CNS and Peripheral Nervous System Disorders

Neurodegenerative diseases involve the accumulation of protein aggregates, in addition to synaptic loss, neuronal death, axonal degeneration, and inflammation. The experimental manipulation of the UPR has demonstrated that ER stress signaling impacts many different aspects of the disease process. In this section, we summarize key findings supporting the potential of gene therapy strategies to improve ER proteostasis in the context of different brain disease conditions affecting the nervous system.

PD

PD is the second most common age-related neurodegenerative disease, affecting 1% of the population over 60 years of age. Although more than 90% of PD cases are sporadic, mutations in several genes have been linked to familial parkinsonian syndromes and account for 5%–10% of the total PD cases.49 Currently, PD is one of the best candidate diseases to apply gene therapy because the neuronal populations affected are spatially restricted, the volume of the brain that they cover is small, and the circuits involved are also well-characterized. PD involves the progressive degeneration of dopaminergic neurons of the substantia nigra pars compacta (SNpc).49 At the histological level, the presence of intracellular inclusions known as Lewy bodies is a hallmark of PD. Lewy bodies are formed of fibrillar and ubiquitinated aggregates of alpha-synuclein. Consequently, the involvement of ER stress in PD has been extensively studied in multiple cellular and animal models, including successful pharmacological treatments.50

A few studies have demonstrated positive outcomes of UPR-based gene therapy in the progression of experimental PD. Adeno-viral-mediated expression of XBP1s in the SNpc significantly reduced the degeneration of dopaminergic neurons in a pharmacological model of PD.51 We confirmed these results by injecting AAVs to express active XBP1s into the SNpc of adult mice in a PD model, which also attenuated the denervation of the striatum.52 In contrast, the overexpression of ATF4 in the SNpc induced spontaneous cell death.53

AAV-based gene therapy strategies have been also developed to enhance the folding capacity of the ER by overexpressing the chaperone BiP. Remarkably, BiP gene transfer into the SNpc reduced dopaminergic neuron loss triggered by alpha-synuclein overexpression.54 Additionally, one of the major targets of alpha-synuclein is Rab1, impairing ER to Golgi trafficking, with resultant ER stress.55 An AAV gene therapy to overexpress Rab1 was developed and tested in PD models. Injection of AAV6-Rab1 into the SNpc significantly attenuated motor deficits triggered by alpha-synuclein overexpression.56 However, this strategy did not rescue dopaminergic neuron survival.

AD and Synaptic Function

AD is the most common neurodegenerative condition, leading to memory loss and dementia involving a progressive alteration to synaptic function.
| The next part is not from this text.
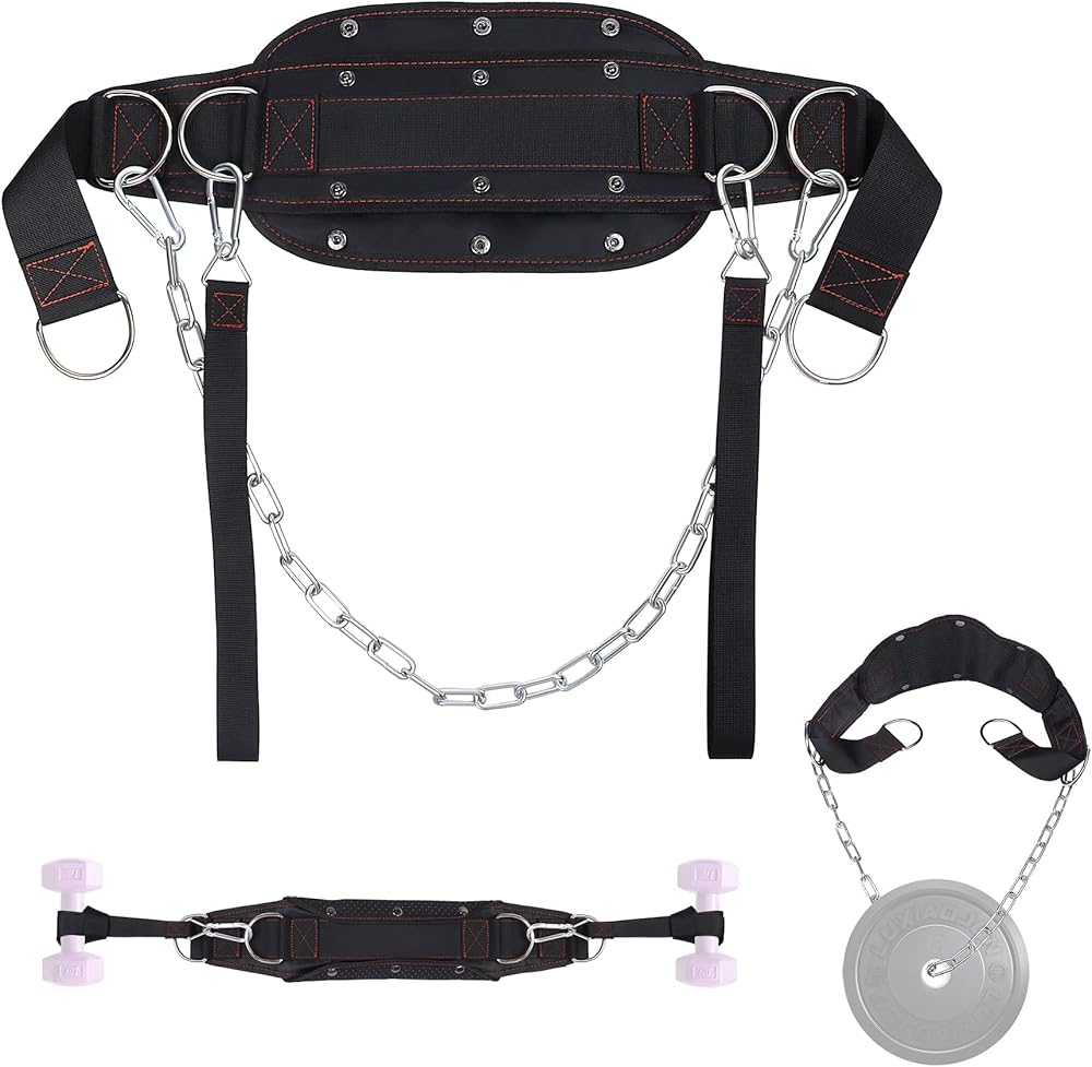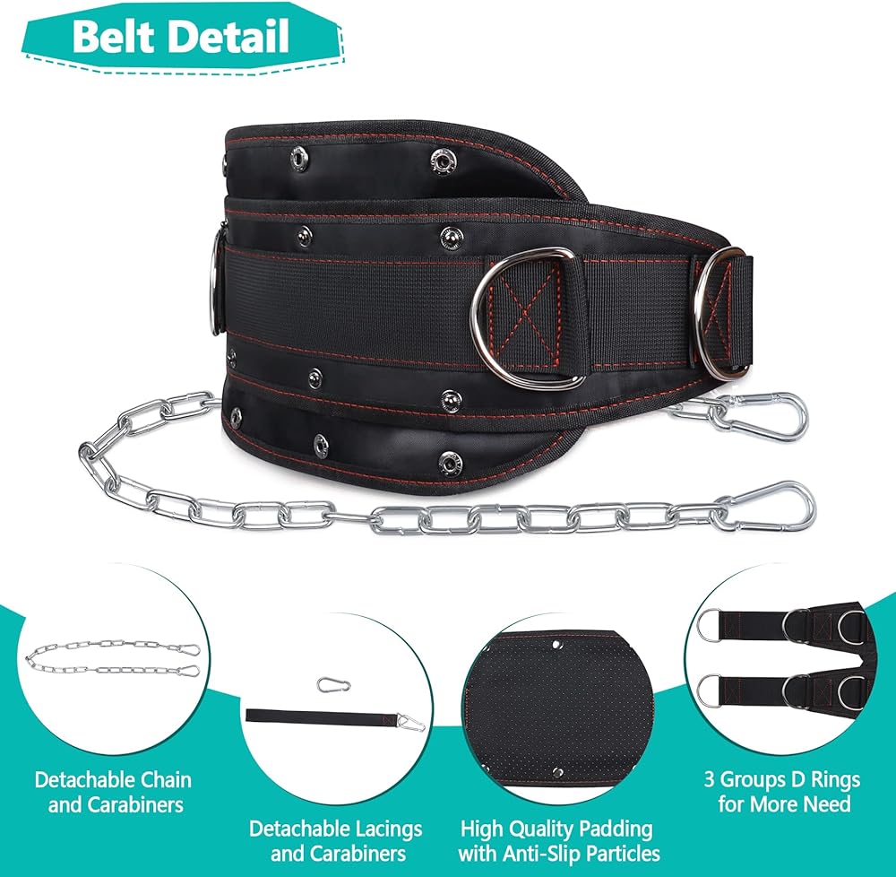 حزام تراجع وحزام دفع الورك، حزام اللياقة البدنية 2 في 1 من أتشويشاب لرفع الأثقال في صالة الألعاب الرياضية، والسحب، والقرفصاء ودفع الورك، وحزام تمرين مع سلسلة، وحلقات على شكل حرف D، وعرض قابل للطي لاحتياجات متعددة

Although AD is a major health problem in the world, strategies to alleviate ER stress in mouse models have been poorly explored.57 Of note, a polymorphism on the XBP1 promoter has been linked to AD,58 in addition to bipolar disorders59 and schizophrenia,60 suggesting ER stress may be of particular importance to these diseases. In an attempt to study the possible physiological contribution of the UPR to the nervous system, we recently reported a new function of XBP1 in the brain in learning and memory processes.61 Using local administration of AAV6-XBP1s into the hippocampus of wild-type animals (rats and mice), we demonstrated an improvement in the basal performance in learning and memory tasks.61 A recent report demonstrated that the ectopic expression of XBP1 using lentivirus in the hippocampus restored synaptic and cognitive function in transgenic models of AD.62 However, the possible consequences of XBP1s overexpression on the accumulation of amyloid plaques were not described.

ALS

ALS is a fatal adult-onset neurodegenerative disease that affects motoneurons and thus the motor capabilities of patients.63 5%–10% of total cases are defined as familial ALS, and the remainder are sporadic.64 Many studies have shown signatures of ER stress and activation of the UPR in preclinical models of ALS as well as familial and sporadic induced pluripotent stem cell (iPSC)-derived motoneurons from ALS patients.65, 66 Multiple reports have shown the consequences of pharmacological modulation of the UPR in ALS mouse models, including the use of eIF2α phosphatase inhibitors.30, 67 Studies to identify factors that explain the differential neuronal vulnerability of certain motoneuron populations in ALS uncovered ER stress as a major pathological response,68, 69 detecting the expression of the BiP cofactor SIL1 in resistant motoneurons.70 Interestingly, AAV-mediated delivery of SIL1 restored ER homeostasis, delayed muscle denervation, and prolonged survival in mutant SOD1 transgenic mice.70 Of note, SIL1 was described as a direct target of XBP1s in myotubes and secretory cells.14

HD

HD is an inheritable neurodegenerative disease generated by the expansion of a trinucleotide repeat sequence in the gene encoding huntingtin, resulting in an abnormal polyglutamine expansion that triggers aggregation and neurotoxicity.71 AAV-mediated XBP1s gene transfer into the striatum of a HD mouse model significantly reduced the accumulation of mutant huntingtin inclusions.72 However, the possible consequences of XBP1s overexpression to the clinical progression of HD remain to be determined.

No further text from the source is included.